OBJECTIVE: Left ventricular hypertrophy (LVH) is a marker of cardiovascular risk. However, the progression of the risk as a function of the course of the LVH has only been the subject of few studies.
METHODS: We report the consequences of the evolution of the left ventricular mass (LVM) in a cohort of hypertensive patients whose LVM was measured before any antihypertensive treatment.

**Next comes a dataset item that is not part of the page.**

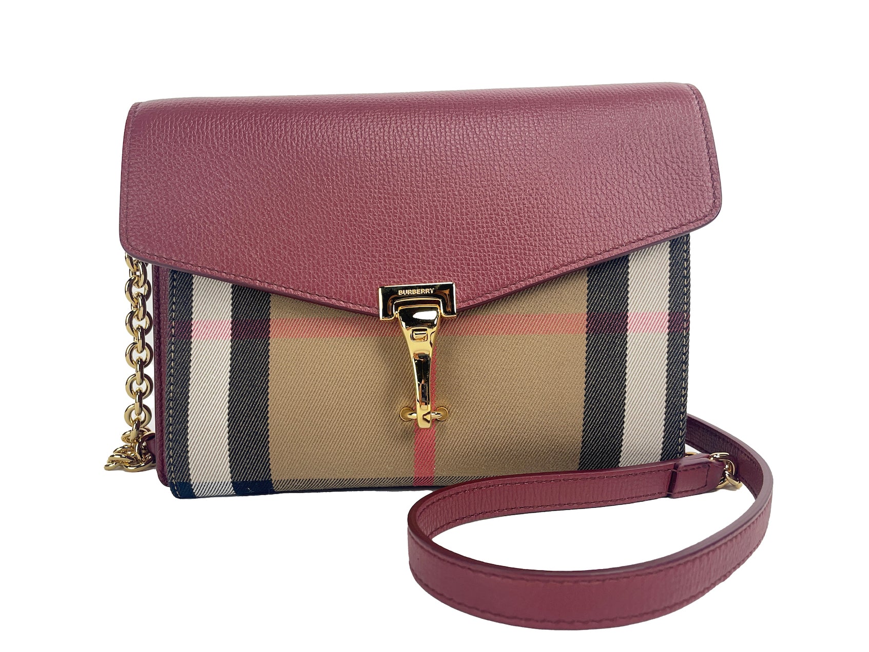 Burberry Macken Small Crimson House Check Leather Crossbody Bag

RESULTS: We followed up for an average of 12 years, 763 hypertensives with LVM measurement by echocardiography on inclusion. In this population, 117 cardiovascular complications occurred and the initial LVM appeared to be the most powerful marker of risk. A cutoff of 51 g/m(2.7) for the LVM index (LVMI) offered the best compromise of sensitivity and specificity in the prediction of complications. A second determination of LVM was carried out in 436 patients on average 5 years after inclusion. In this sub-group, 82 complications were recorded after an average interval of 13 years. The 51 g/m(2.7) value of LVMI over the follow-up offered the same sensitivity (74%) and specificity (52%) in the prediction of complications. The progression of the LVM was related to the occurrence of complications independently of the basal value and other risk factors.
CONCLUSIONS: We confirm LVMI as a powerful risk factor in hypertension with a cutoff of 51 g/m(2.7), which offers the same sensitivity and specificity whether the LVM was determined before or during treatment. The progression of LVM, on average 5 years after the initial measurement had a prognostic value independent of the initial determination.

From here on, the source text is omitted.